At current growth rates, the cloud could penetrate nearly all enterprise software in a few years. Bessemer Venture believes that the cloud industry ($172 billion), and the cloud delivery model, will transform and grow beyond enterprise software ($456 billion) and technology ($3.7 trillion).
The cloud has already moved beyond the enterprise software market and will continue to, as we turn toward the cloud for transportation, healthcare, education, and more.
I was given to present last week to investment bankers, and wanted to share what I covered about 2021 Tech Trends and the impact of the COVID-19 Pandemic on the business adoption of tech innovations. I based this presentation on McKinsey’s publications and research.
I eluded to:
Cloud (SaaS, PaaS, IaaS, DaaS),
Artificial Intelligence (AI/ML),
Internet of Things (IoT),
High Connectivity (5G),
Trusted Architectures (BlockChain),
Robots, Cobots and RPA
3D / 4D Printing
Will your organization make the most of these trends to pursue new heights of rapid innovation, improved performance, and significant achievement?
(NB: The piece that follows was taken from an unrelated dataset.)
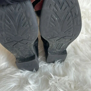 These are gently used Kim Rodgers tall black boots in a size 6. There is a little scalp on the back of the left boot as seen in last picture.

“In the next decade, we’ll experience more progress than in the past 100 years combined.”
Peter Diamandis, Cofounder of the Singular University
But what did the COVID 19 pandemic did introduce in the digital transformation, apart from accelerating its adoption, typically 3-7 years of forecasted adoption in just a few months of lockdown?
Accelerate core business pace
Build new digital business models
Achieve 20%+ revenue with product and services that didn’t exist one year ago
Share of sales from products or services not existing 1 YEAR ago (%)
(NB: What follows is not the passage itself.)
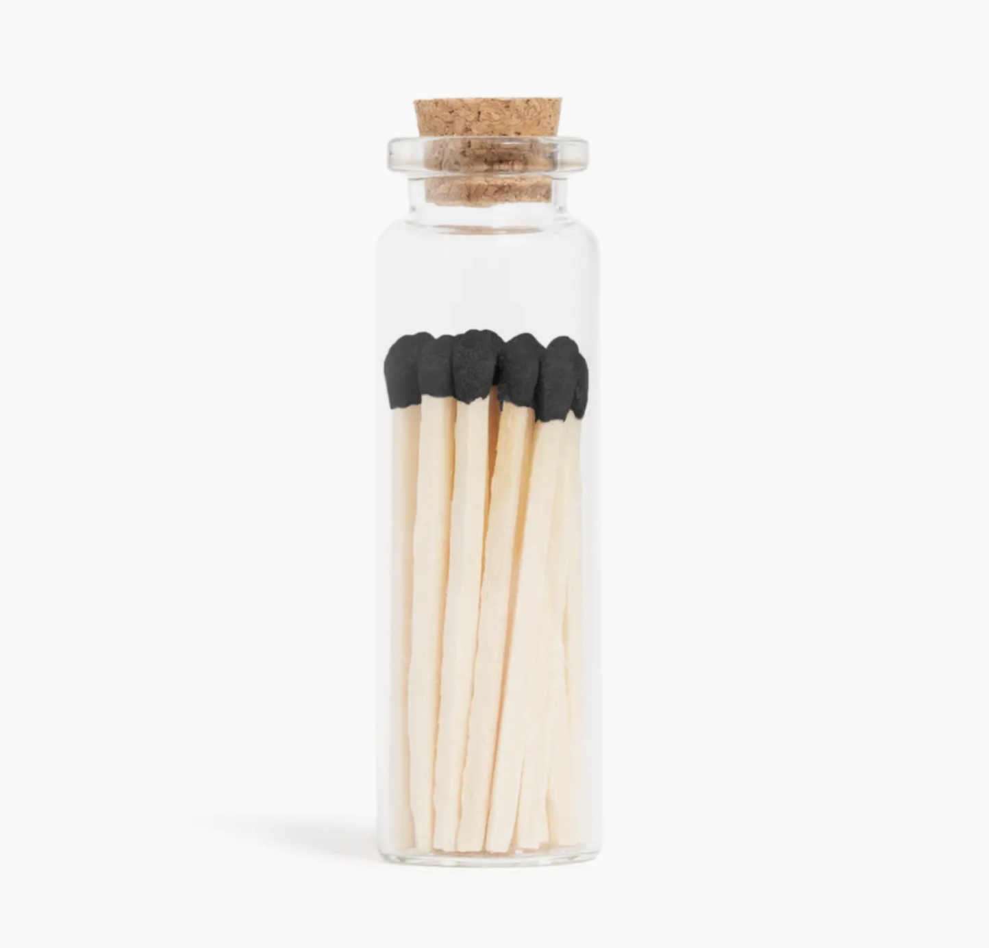 Light up your space with color tip matchsticks! Our colorful matches will add a spark of joy to any moment- with many vibrant color options. The corked vials are hand-filled in our studio and come with a handy match striker so you can light up your favorite occasion anytime.

Top Performers 21% All Others 12%
According to McKinsey and the 1,200 executives they interviewed, companies with better overall technology capabilities, talent, leadership, and resources are seeing better economic outcomes.
Top economic performers were more innovative than their peers during the COVID-19 crisis.
Reporting on the online survey conducted from January 19 to January 29, 2021, and garnered responses from 1,140 C-level executives, senior managers, and business-unit, department, or division heads representing the full range of regions, industries, company sizes, and functional specialties.
McKinsey’s results confirm not only that a strong technology foundation is critical but also that leading companies are far ahead of competitors in building theirs. For everyone else, the time is now to make bold investments in technology and capabilities that will equip their businesses to outperform others in a rapidly evolving landscape.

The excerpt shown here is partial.